Это солдат, достаточно храбрый, чтобы сказать Ослепленному славой миру, что «война — это ад»: Любящий мир, он смотрит за пределы раздора И скачет через ад, чтобы спасти жизнь своей страны.
Отбил грустный глухой барабан; Последняя татуировка солдата; Больше на параде Жизни не встретимся; Храбрые и падшие немногие. В вечном кемпинге Славы; Их безмолвные шатры раскинуты, И Слава караулит, с торжественным обходом; Бивак мертвецов.
Жить со славой или со славой умереть, Это удел храбреца.
Когда Смерть излила забвение в мои вены И привела меня домой, как и всех, чтобы лечь В тот огромный дом, общий для рабов и танов, Я не умру, я не умру совсем, Ибо красота, рожденная красотой - что остается.
Ой! вырванный в расцвете красоты, На тебя не будет нажимать тяжелая могила; Но на твоем газоне розы поднимут свои листья, самые ранние в году.

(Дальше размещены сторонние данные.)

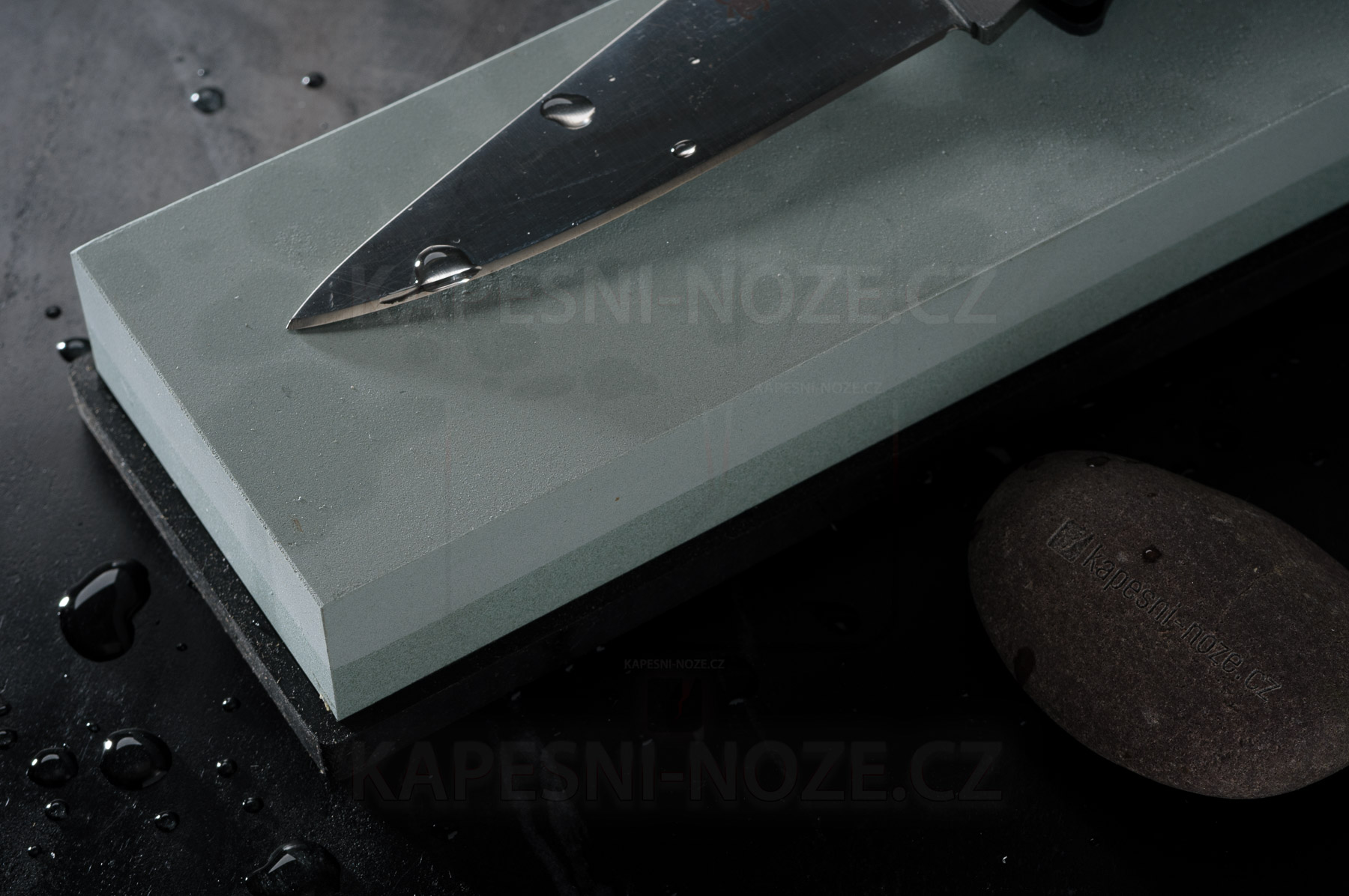Druhá strana kamene má jemnější zrnitost 1500, což je ideální pro dokončení broušení. Tato strana kamenem vytvoří jemnější ostří, které zajistí konečnou ostrost nože. Tato strana také pomáhá odstranit zbytky oceli a zanechává noži vyšší lesk.
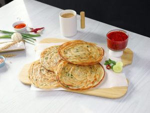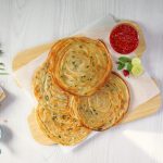 Hara Pyaz Lacha/Thread Paratha with Kathiawari Chutney
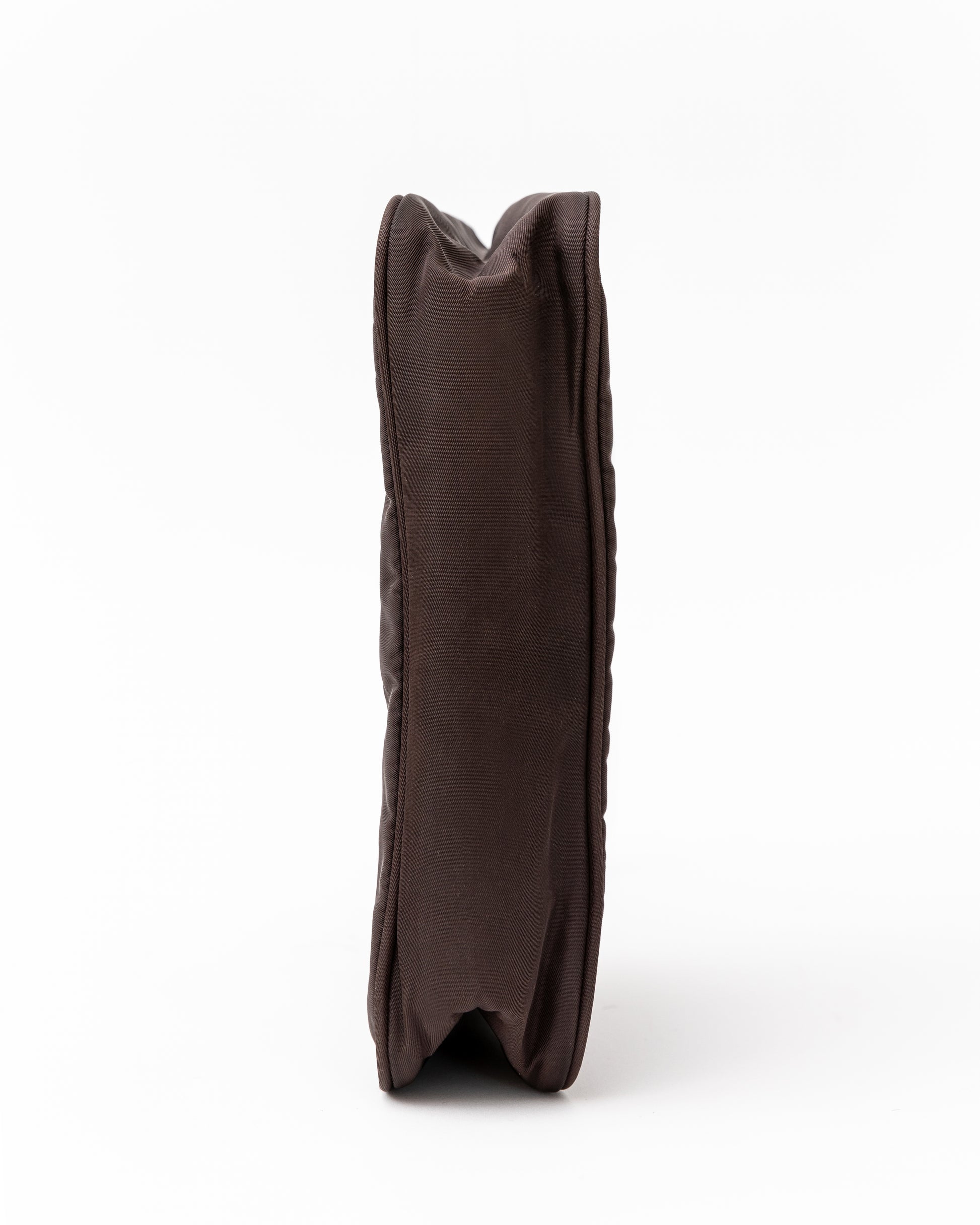 - Burgundy-ish brown durable and waterproof nylon with silver Prada plaque on center of bag. Spacious interior is spotless.
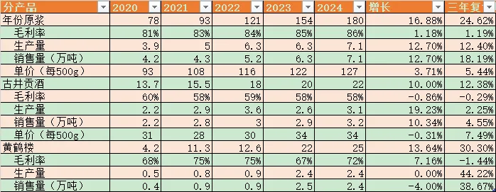 年份原浆2024年收入180亿,占全部收入的76%,是核心产品,三年复合增速为24%,销售量的增速是18%,主要是量增,其次是价增。每500g的公司销售单价复合增长为5%。年份原浆的平均出厂价只有127元/500g,这个好像有主观印象不一样,古20占1/3的销售额,古20的出厂价怎么也得400元吧?去互动易问问。
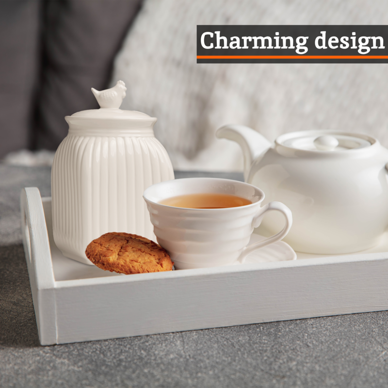 Its square silhouette keeps rows tidy and prevents wasted space in cupboards. Soft ridges add visual rhythm and a tactile touch, while the creamy glaze brings light to your worktop. The hen-topped lid is more than a cute detail; it offers a sure grip for effortless opening.
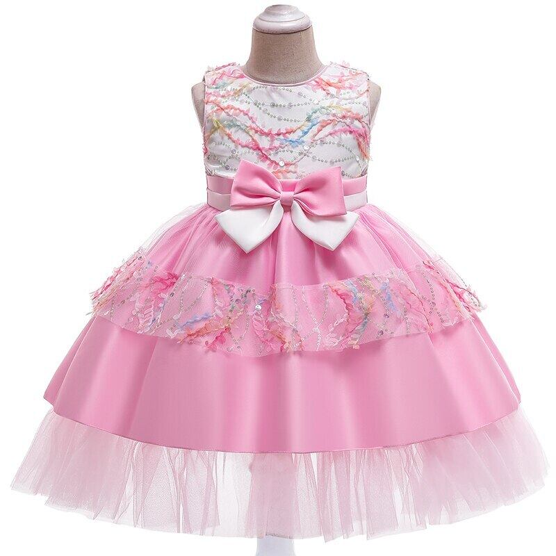 新作 2021年夏のノースリーブドレスボウノットキッズドレス女の子の服子供パーティードレス女の子フラワーVestidos

Если я знаю, что буду как ангел и более того; если я увижу все, что сделал Бог; если он признает меня своим сыном и прославит меня в своем присутствии, я не убоюсь умереть и не убоюсь могилы, где когда-то лежал Христос.
Из всех преступлений самое худшее - Украсть славу У великих и храбрых, Еще более проклятых, Чем ограбить могилу.
Я поступил на флот с большой мечтой стать морским солдатом и отправиться на войну. Либо я умру от этой гноящейся раны — потому что отказываюсь от ампутации руки, — либо я оправлюсь от нее и останусь солдатом. У меня есть шанс один к двум, и я ставлю на него свою жизнь!
Должен ли я спросить храброго солдата, который сражается рядом со мной Во имя человечества, если наши убеждения совпадают?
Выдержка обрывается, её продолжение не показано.